President's weekly report — March 22, 2013
Environment — Victory in Decker!
The Supreme Court issued a major victory for common sense this week in Decker v. Northwest Environmental Defense Center. In a 7 – 1 decision, the Court ruled that timber companies did not have to obtain individual discharge permits for culverts and the like on forest roads used for timber harvesting. If the decision had gone the other way, there well could have been total gridlock in the timber industry as hundreds of thousands of permits could have been required. Interestingly, Justice Scalia dissented in part, arguing that it is inappropriate to defer to federal agencies’ interpretation of their own regulations.
Environment — Endangerment Finding
We filed our petition for writ of certiorari in our “Endangerment Finding” case, Pacific Legal Foundation v. Environmental Protection Agency. The endangerment finding refers to EPA’s decision that carbon dioxide emissions must be regulated under the Clean Air Act. However, we believe the law is plain: such a major regulatory decision must be submitted to the agency’s Science Advisory Board for review prior to the adoption of the final decision. The Court of Appeals disagreed and we are now asking the Supreme Court to review.
Environment — Placer Gold Mining
The Supreme Court denied a petition for writ of certiorari in The New 49ers v. United States Forest Service. This leaves the 9th Circuit decision requiring consultations under the Endangered Species Act for virtually all approvals of placer gold mine operations — even those very small operations that must be approved of automatically. This case has troubling implications for other routine permitting by federal agencies. We had filed an amicus brief.

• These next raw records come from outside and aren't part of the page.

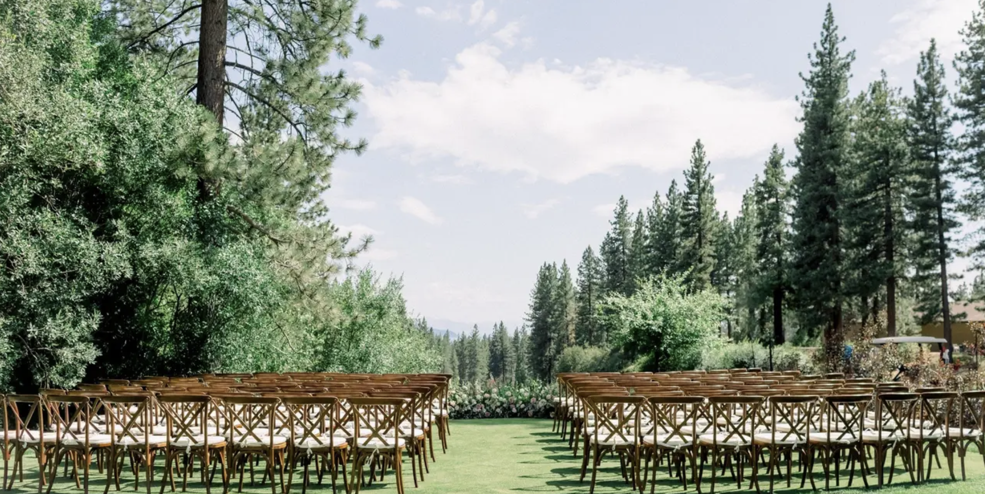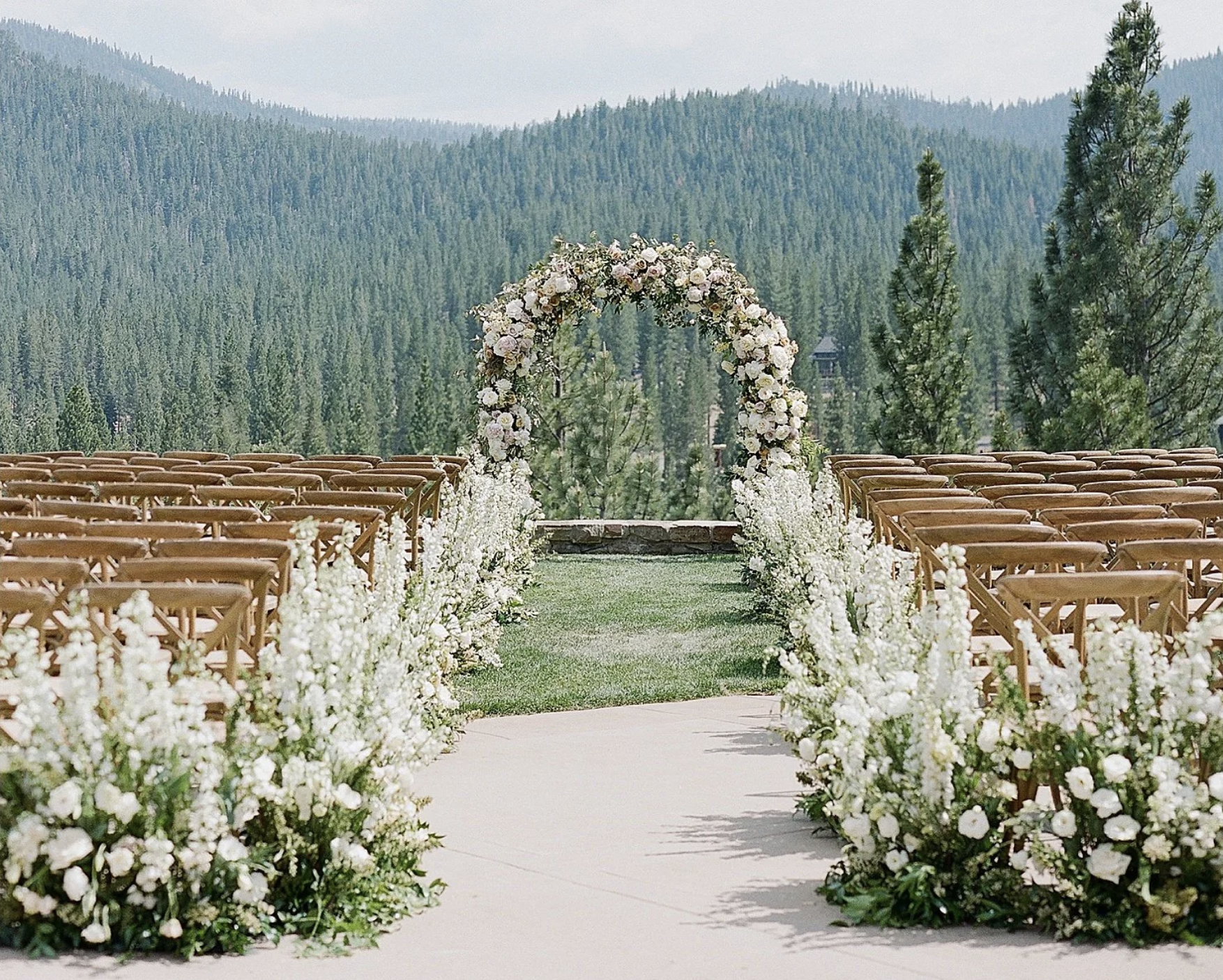 Florist Insider Tip: The towering pines and natural landscape are already spectacular. Frame key areas with flowers rather than trying to compete with nature. A beautifully floraled ceremony space near the lake with the mansion as backdrop creates unforgettable photos.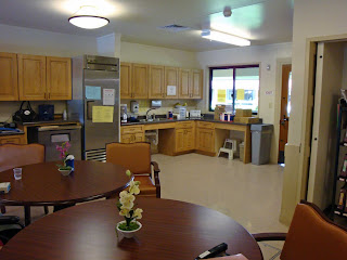 Back in January 2009 the renovation and transformation of the West Neighborhood nurses’ station into a kitchen, dining and living space for residents was completed. Nurses still do their paperwork here, but now it’s a mixed use area for both residents and nurses. Residents have a living area where they can watch TV and relax, and there’s a dining area adjacent to the kitchen where they can eat their meals with one another. One of the biggest challenges has been the adjustment of using the same space as a living area for residents and and a work area for nurses.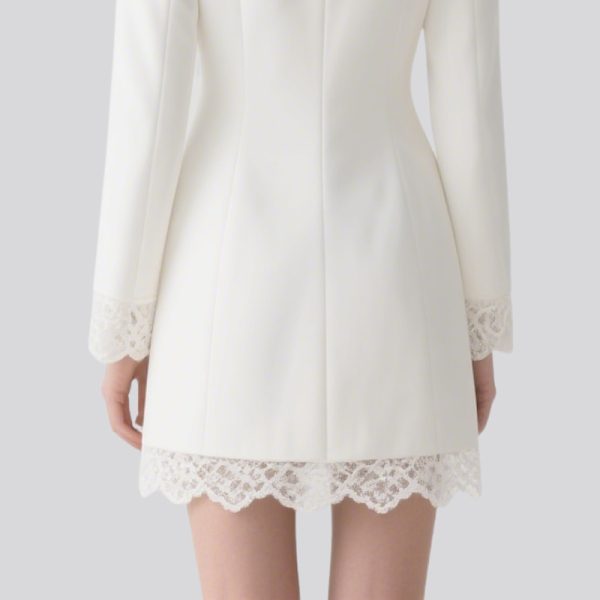 The dress hits just above the knee, revealing slender calves and visually lengthening the legs for a more elevated look.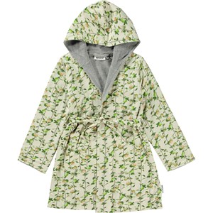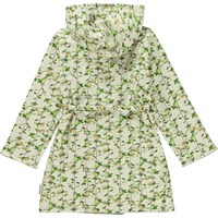 Wave is een zachte badjas in lichtgeel met de Apple Grey print die takken met appels laten zien. De badjas is gevoerd in een grijze lichtgewicht en strak geweven zachte badstof kwaliteit . Het heeft twee zakken, een ceintuur in de taille en een grote capuchon om de nek en het hoofd warm te houden.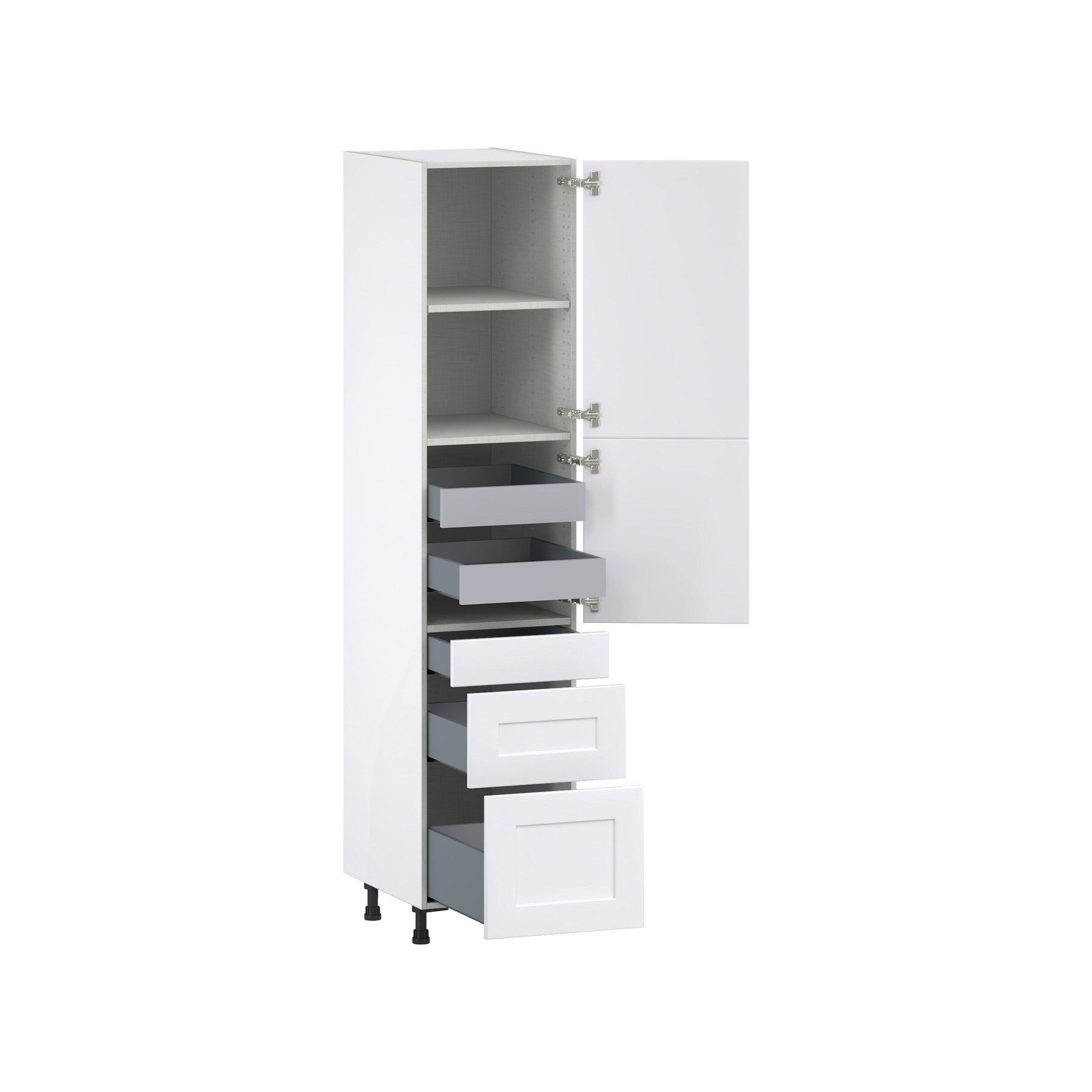 Transform your storage space with the Jolie 3-Drawer Pantry Cabinet, featuring a sleek flat panel Shaker style in a sophisticated warm white finish. This fully assembled cabinet combines modern functionality with traditional aesthetic, offering full access box construction for generous storage. Ideal for both pros and DIY enthusiasts, its soft-close features ensure a quiet, elegant kitchen.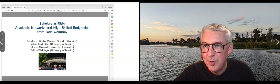 In the afternoon, Sascha Becker, Chair Professor of Business and Economics at Monash University in Melbourne, gave a presentation entitled "Academic Networks and High-Skilled Emigration from Nazi Germany". He and his collaborators studied the role of social networks in Jewish scientists fleeing Nazi Germany. The results show that social networks have significantly facilitated the transnational mobility of highly skilled labor.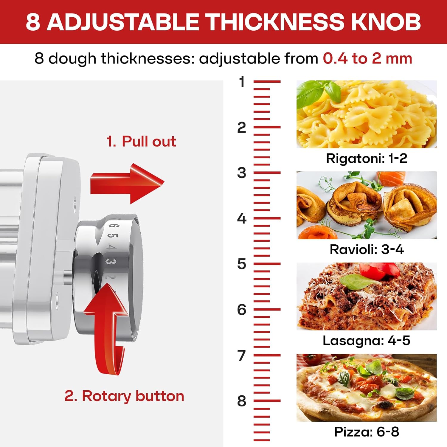- The GVODE pasta roller for KitchenAid features a regulating knob with 8 settings, letting you choose dough sheet thickness from 0.4 to 2 mm (0.016 to 0.08 in)—this simple adjustment changes the texture and taste of your pasta—and it produces uniformly thick pasta, perfect for wontons, dumplings, or taco flakes.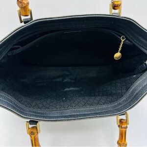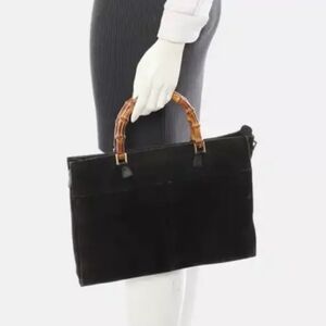GUCCI Black Suede Bamboo Top Handle Satchel Hand Bag!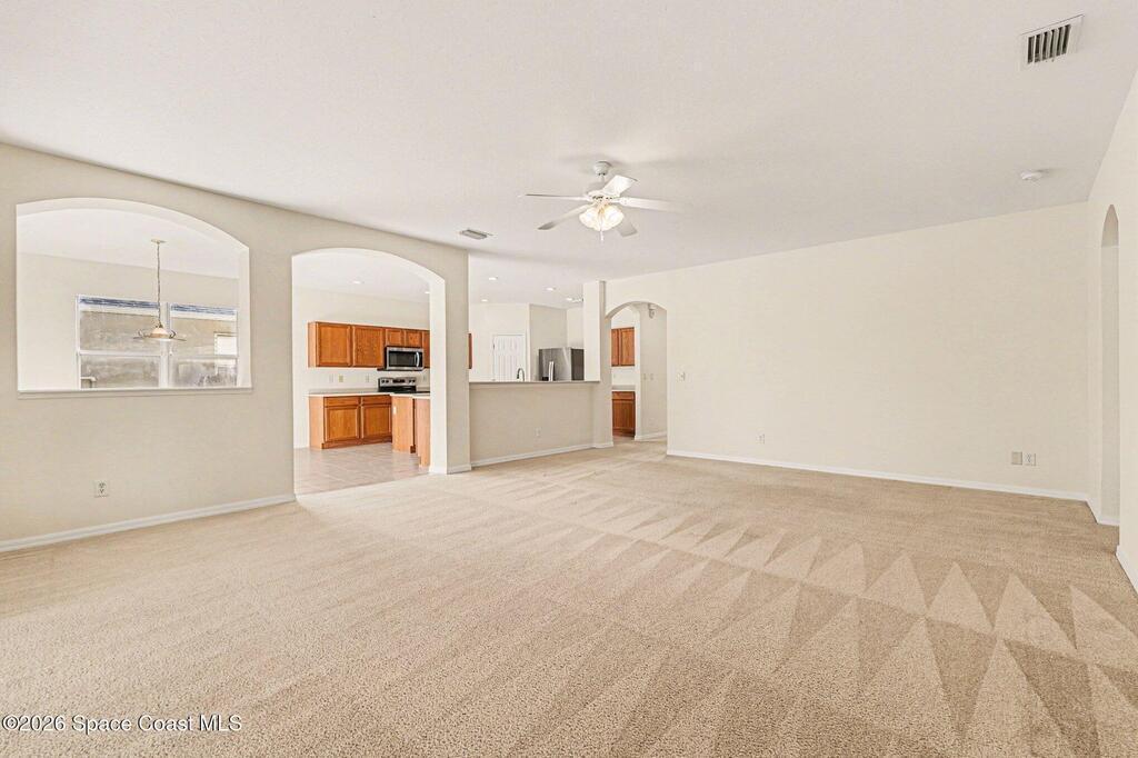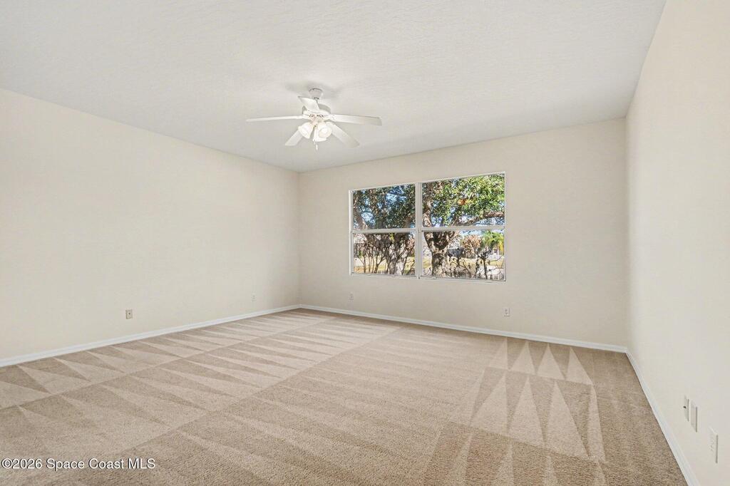 Beautifully maintained home with low annual HOA fees and numerous recent updates! Freshly painted inside and out -- including garage walls and floor -- this move-in ready property features new LVP flooring in the formal dining room, ceiling fans in every room, and a convenient inside laundry room. The open family room flows seamlessly from the kitchen, showcasing stainless steel appliances, Corian countertops, oak cabinetry with an island, abundant storage, recessed lighting, and a walk-in pantry. The spacious owner's suite offers dual sinks, a walk-in closet, glass shower, and relaxing Roman tub. Step outside to a large screened and covered lanai overlooking a tranquil neighborhood pond with fresh mulch and beautiful Oak tree. Major systems -- roof, HVAC, and water heater -- are all newer than fall of 2024. This home is located in Sandhill Trace in desirable Grand Haven off the Pineda Extension and perfect for I-95 travel, the new Costco, grocery markets, and other daily conveniences.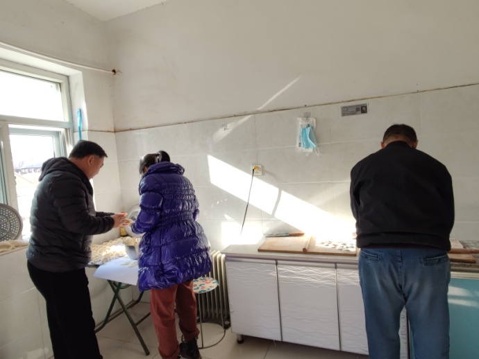12月20日下午,租賃分公司經理王建忠和副經理葛利,計劃冬至包餃子為職工午餐增添花樣,同時安排好職工包餃子的準備工作。21日早上,食堂工作人員提前活好面、剁好白菜……為包餃子做好準備。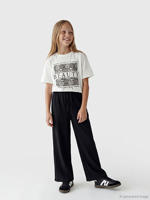 • Bisiklet Yaka Bask?l? K?z ?ocuk Ti??rt ve Pantolon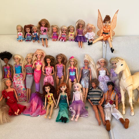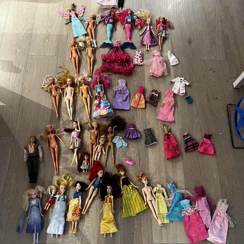 Dukkene er i varierende brukt tilstand. Noen har slitt hår, løse ledd eller kosmetiske spor etter lek. Klærne er blandet stand – noen fine, noen tydelig brukt.

Free Enterprise Project — Tort Reform
We filed our amicus brief in Sears v. Butler, a case that looks at allegations regarding alleged mold problems in some Sears front-loading washers. The lawyers for the plaintiffs are arguing that all purchasers of the washing machines should be included in a class, whether or not they suffered any problems. The 7th Circuit agreed, finding that it would be “efficient” to certify such a class. Our amicus brief does not agree, and urges the Supreme Court to take this case to strike down the notion that efficiency must trump justice.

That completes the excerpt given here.